(Data items)
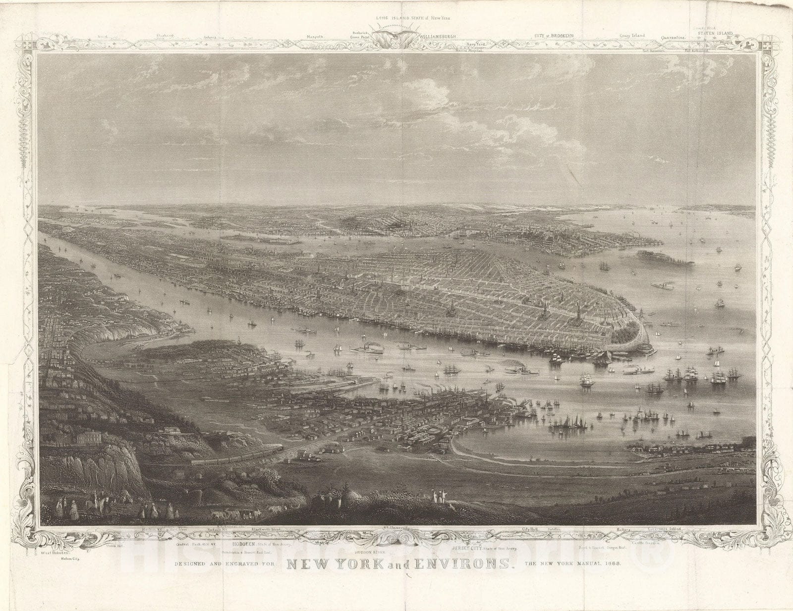 Historic Map : New York City 1868 Bird's Eye View , Vintage Wall Art
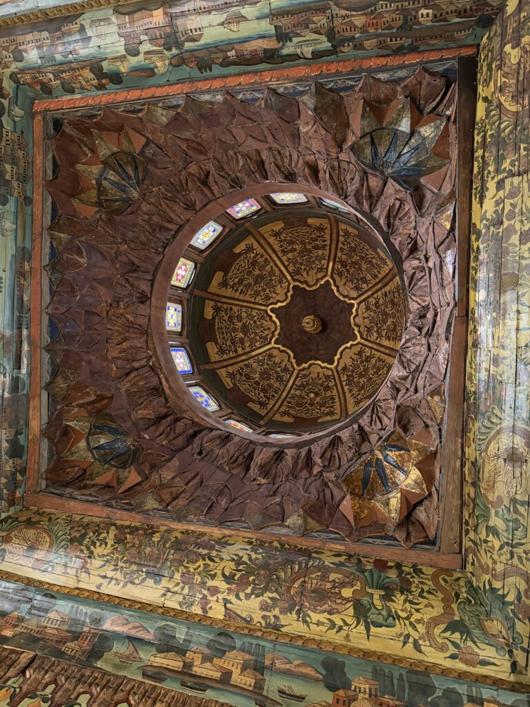 The ceiling in the coptic museum and the “carrier” on the right is what they used to bring the bride and her best friend to the church to be married. It is placed on a camel and strapped under the camels belly and has lots of wood inlays. No one can see into the career but the bride can see out.
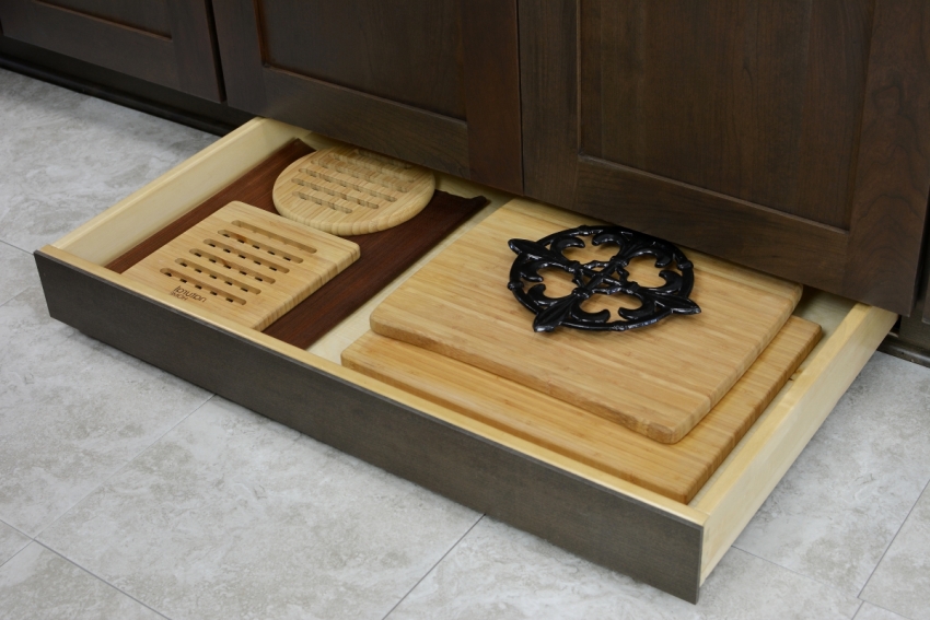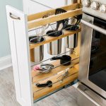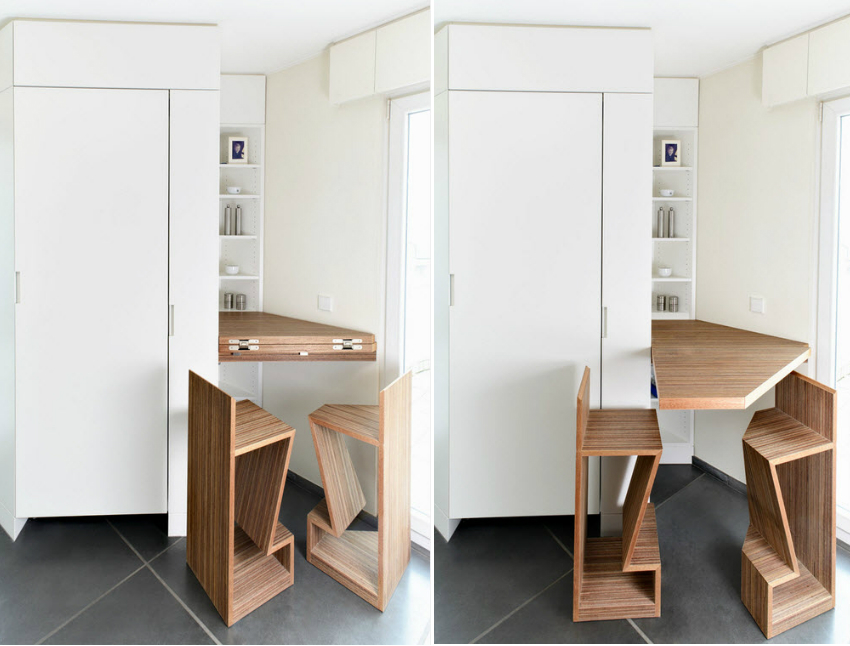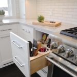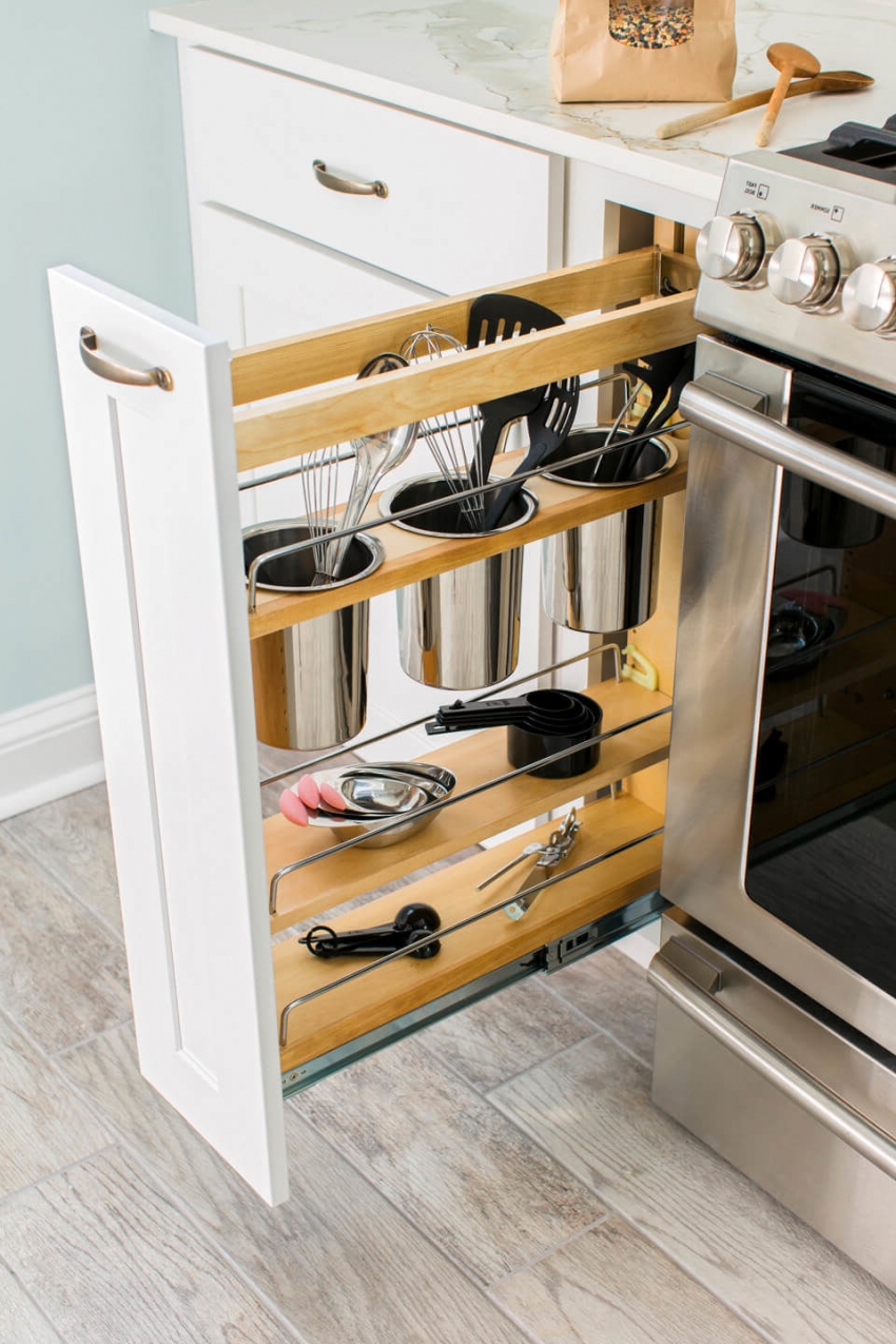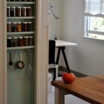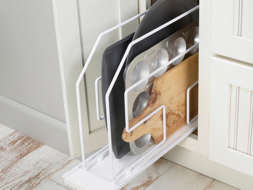 Có một thủ thuật khác cho phép bạn đồng thời kéo giãn không gian lên trên mà vẫn tạo thêm không gian lưu trữ. Đối với điều này, một bộ được đặt trong nhà bếp, bao gồm tủ hẹp và hộp đựng bút chì.
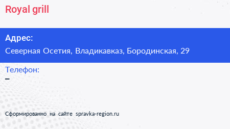 Royal grill по адресу Северная Осетия, Владикавказ, Бородинская, 29 в дальнейшем Организация, размещена в следующих категориях:
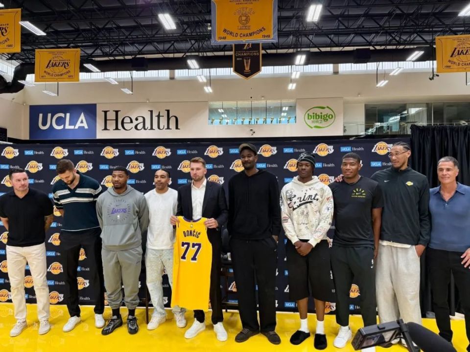 今天的续约发布会,多名湖人球员到场支持东契奇:克莱伯、斯玛特、文森特、艾顿、范德比尔特、阿杜-蒂耶罗、八村塁、海斯。文森特刮了胡子,差点没认出来。湖人新援拉拉维亚没能到场,他在社交媒体向东契奇送上祝福。
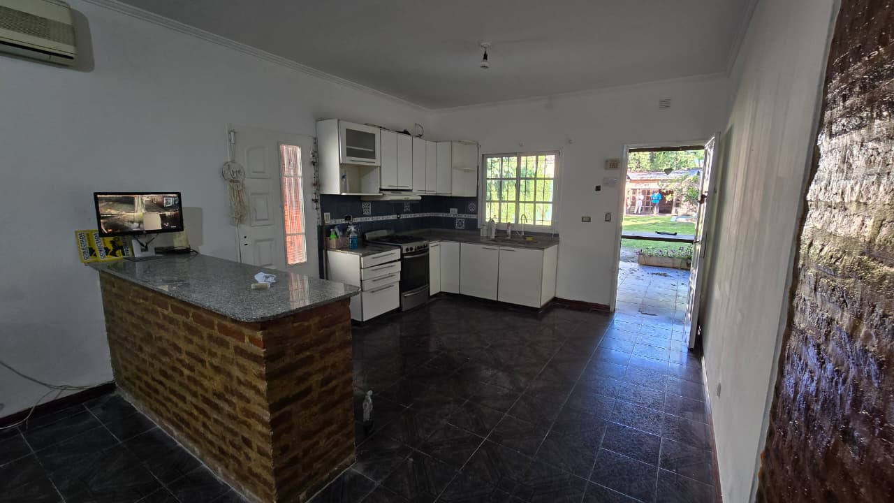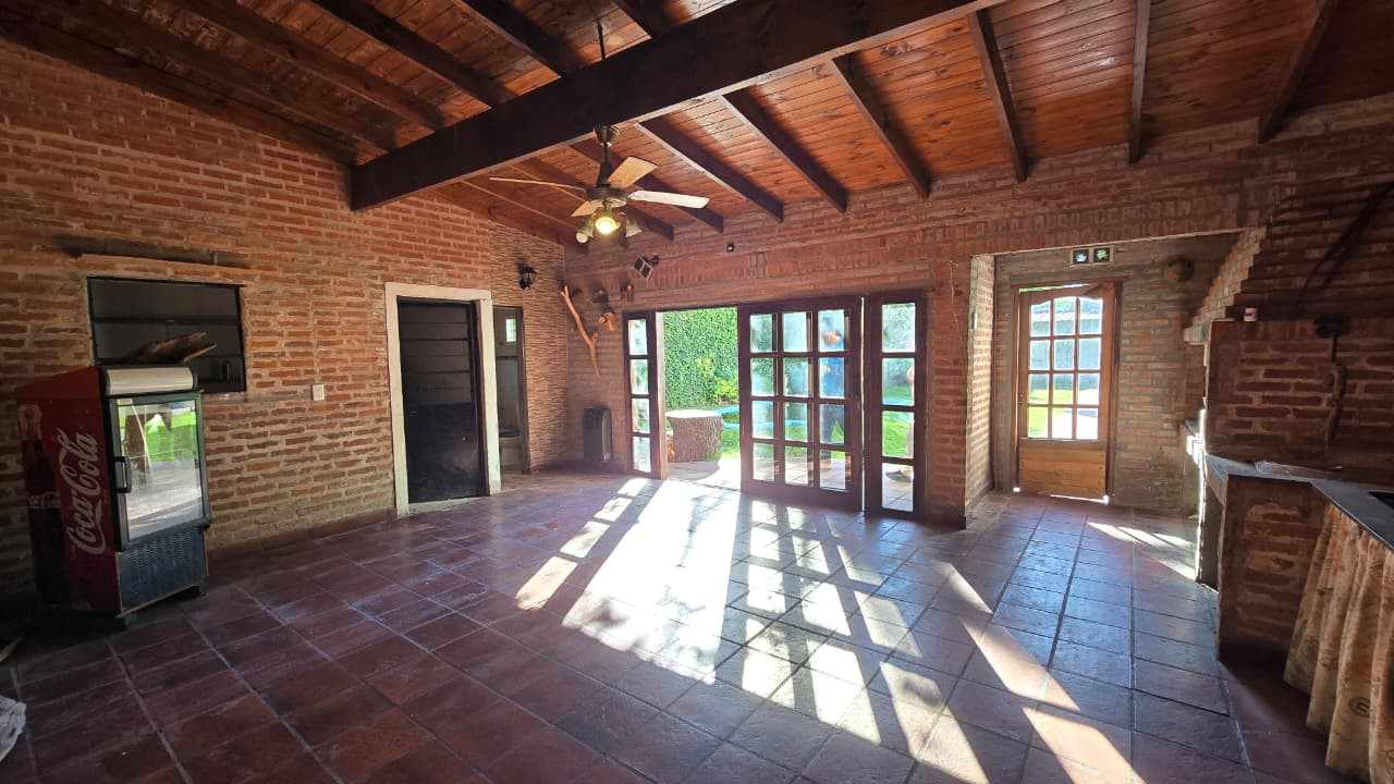 Al fondo se encuentra un quincho de 7,30 m x 5,30 m, con techo de chapa y paredes de ladrillo común. Incluye:
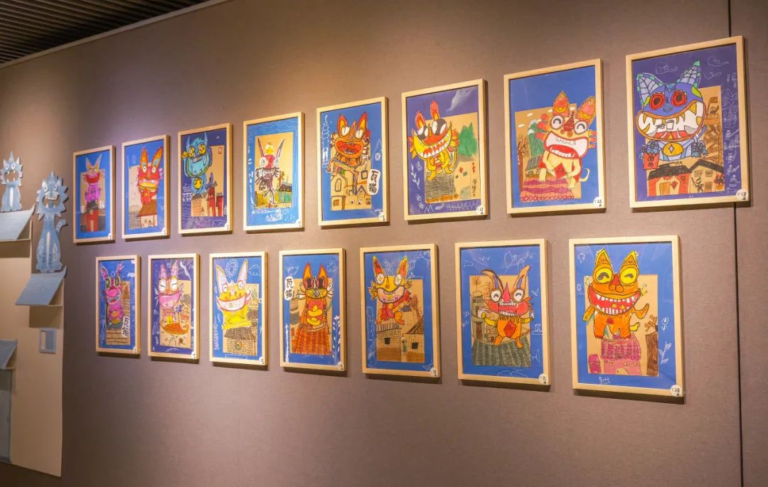 移步一楼展厅,一幅幅色彩斑斓、构思奇崛的作品正静候观者——从气韵生动的国画、油画、水彩,到将传统纹样巧妙融入狮头、帆布袋、油纸伞的文创设计,侨乡少年们以独特视角诠释“国潮”真谛,在方寸之间绘就传统与现代的惊艳交响。
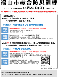 福山市では2025年(令和7年)11月23日(日曜日)9時00分から「南海トラフ地震」を想定した市内一斉の避難訓練を実施します。
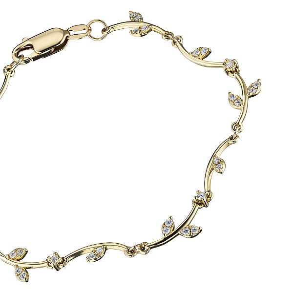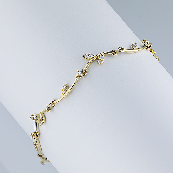 Браслет из желтого золота — изысканное украшение для стильного образа. Ненавязчиво демонстрирует ваш статус, материальное благосостояние, хороший вкус. Желтое золото надолго сохраняет внешний вид, не боится коррозии. Благородный блеск драгоценного металла и роскошное сверкание бриллиантов не останутся незамеченными. Это именно тот штрих, которого не хватает деловому костюму или вечернему платью.

Work to be completed:
Your answer must be an exact transcription of the records above, minus the pictures.

Your response:
 Historic Map : New York City 1868 Bird's Eye View , Vintage Wall Art
 The ceiling in the coptic museum and the “carrier” on the right is what they used to bring the bride and her best friend to the church to be married. It is placed on a camel and strapped under the camels belly and has lots of wood inlays. No one can see into the career but the bride can see out.
 Có một thủ thuật khác cho phép bạn đồng thời kéo giãn không gian lên trên mà vẫn tạo thêm không gian lưu trữ. Đối với điều này, một bộ được đặt trong nhà bếp, bao gồm tủ hẹp và hộp đựng bút chì.
 Royal grill по адресу Северная Осетия, Владикавказ, Бородинская, 29 в дальнейшем Организация, размещена в следующих категориях:
 今天的续约发布会,多名湖人球员到场支持东契奇:克莱伯、斯玛特、文森特、艾顿、范德比尔特、阿杜-蒂耶罗、八村塁、海斯。文森特刮了胡子,差点没认出来。湖人新援拉拉维亚没能到场,他在社交媒体向东契奇送上祝福。
 Al fondo se encuentra un quincho de 7,30 m x 5,30 m, con techo de chapa y paredes de ladrillo común. Incluye:
 移步一楼展厅,一幅幅色彩斑斓、构思奇崛的作品正静候观者——从气韵生动的国画、油画、水彩,到将传统纹样巧妙融入狮头、帆布袋、油纸伞的文创设计,侨乡少年们以独特视角诠释“国潮”真谛,在方寸之间绘就传统与现代的惊艳交响。
 福山市では2025年(令和7年)11月23日(日曜日)9時00分から「南海トラフ地震」を想定した市内一斉の避難訓練を実施します。
 Браслет из желтого золота — изысканное украшение для стильного образа. Ненавязчиво демонстрирует ваш статус, материальное благосостояние, хороший вкус. Желтое золото надолго сохраняет внешний вид, не боится коррозии. Благородный блеск драгоценного металла и роскошное сверкание бриллиантов не останутся незамеченными. Это именно тот штрих, которого не хватает деловому костюму или вечернему платью.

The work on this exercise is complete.